Actor Henry Silva, known for playing gangsters, goons and henchmen in hundreds of films including “Ocean’s Eleven” and “The Manchurian Candidate,” died Wednesday. He was 95.
Silva died of natural causes in Woodland Hills, California twenty years after retiring from an epic career that spanned five decades, his son told Variety Friday.
The prolific actor often shared the screen with Frank Sinatra, playing a Communist agent who fought with the singer in ‘Candidate’ and one of the 11 crooks in the classic 1960 casino heist film.
The Spanish Harlem native’s death was reportedly first announced by the daughter of Dean Martin, who appeared alongside him in the iconic Rat Pack caper.
“Our hearts are broken at the loss of our dear friend Henry Silva, one of the nicest, kindest and most talented men I’ve had the pleasure of calling my friend,” Deana Martin tweeted Friday afternoon.
“He was the last surviving star of the original Ocean’s 11 Movie. We love you Henry, you will be missed.”
Silva got his start as a heavy in Westerns like “The Tall T” and “The Law and Jake Wade” before starring as the titular characters in 1963’s “Johnny Cool” and 1965’s “The Return of Mr. Moto.”
Later in his career, Silva appeared in pictures like “Sharky’s Machine,” “Above the Law,” “Dick Tracy” and “Ghost Dog: The Way of the Samurai.” He made a final brief screen appearance in the 2001 “Ocean’s Eleven” remake.
Silva was of Italian and Puerto Rican descent but was often tapped to portray other ethnicities, playing Korean, Venezuelan, Native American and Japanese men in some of his best known roles.
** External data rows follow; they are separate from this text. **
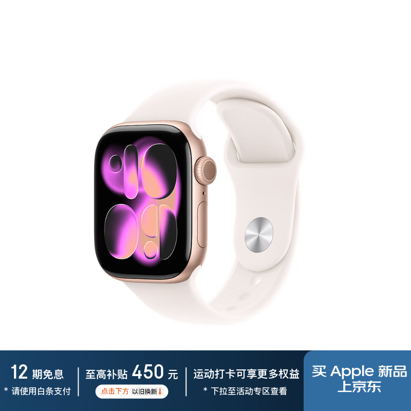 Apple/苹果 Watch S11 智能手表GPS+蜂窝款42毫米玫瑰金色铝金属表壳淡桃粉色运动型表带S/M MF984CH/B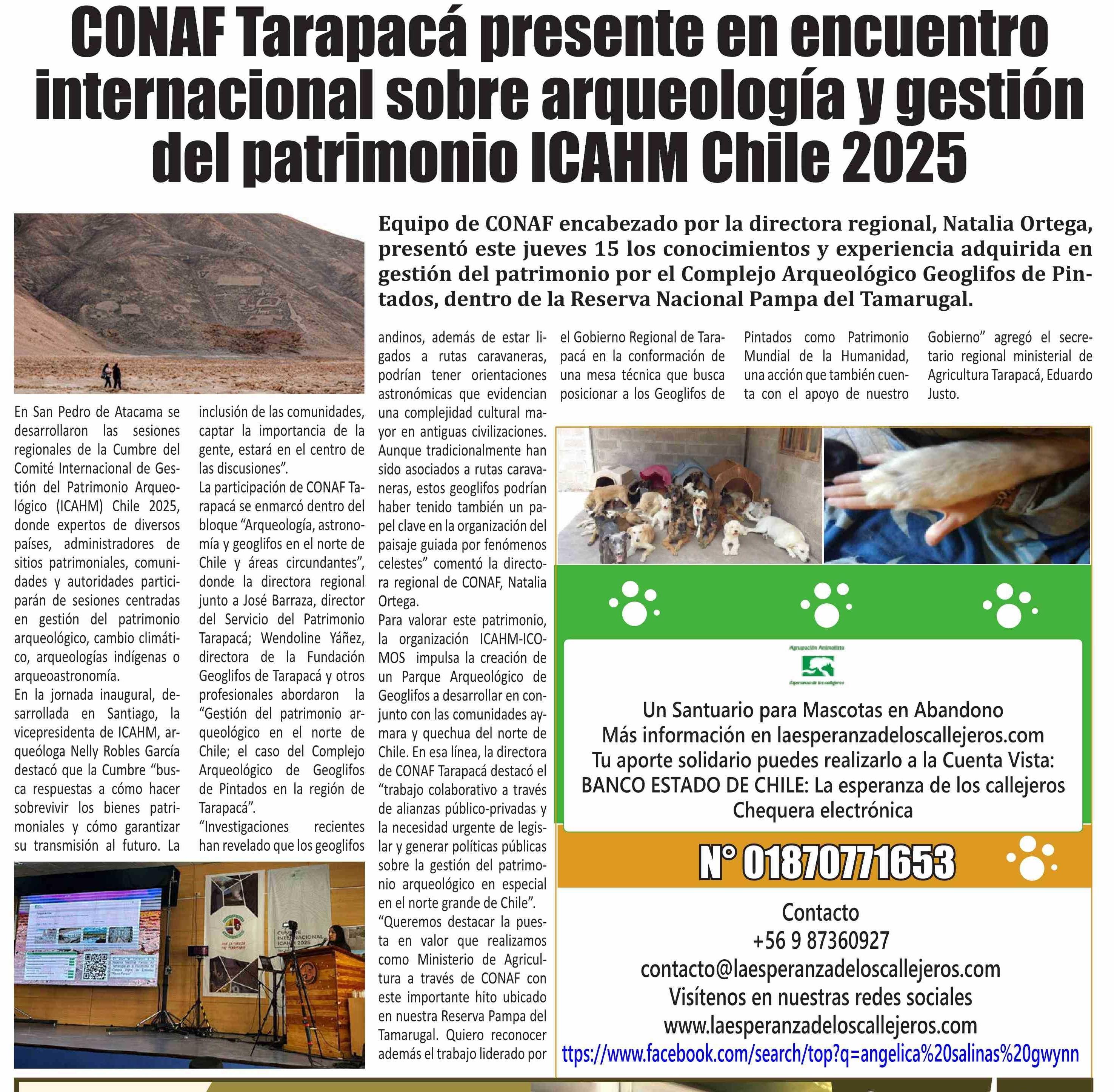 CONAF Tarapacá presente en encuentro internacional sobre arqueología y gestión del patrimonio ICAHM Chile 2025 20-05-2025 El Longino |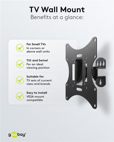 med en dybde på kun 9 cm er produktet perfekt til små tv-apparater i nicher eller over vægskabe, f.eks. i køkkenet eller soveværelset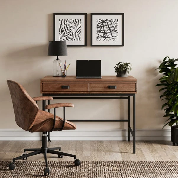 Exclusively designed by Dunelm, this desk offers a lift-up tabletop with hidden storage, providing a clever way to keep your workspace tidy and organised. The adjustable working heights cater to a range of tasks, whether you’re working, drawing, or crafting. With two spacious drawers and a pine-effect finish, this desk blends rustic charm with modern practicality.

Silva reportedly dropped out of school at the age of 13 and took drama classes while earning money as a dishwasher and waiter. He was one of five students selected to the Actors Studio in 1955 out of 2,500 applicants, Variety reported, citing the 2000 book “Hispanics in Hollywood.”
In 1985, Silva reportedly told Knight-Ridder journalist Diane Haithman that his Manhattan upbringing informed his trademark tough guy persona.
“I saw a lot of things in Harlem. It was the kind of place where if you lived on one block and you wanted to go a few blocks away, you had to take a couple of guys with you, or else you would get your ass kicked,” he said at the time, according to Variety.
“I think the reason that I haven’t disappeared is that the heavies I play are all leaders. I never play a wishy-washy anything. They’re interesting roles, because when you leave the theater, you remember these kinds of guys.”
The thrice-divorced late actor was reportedly survived by his two sons, Michael and Scott.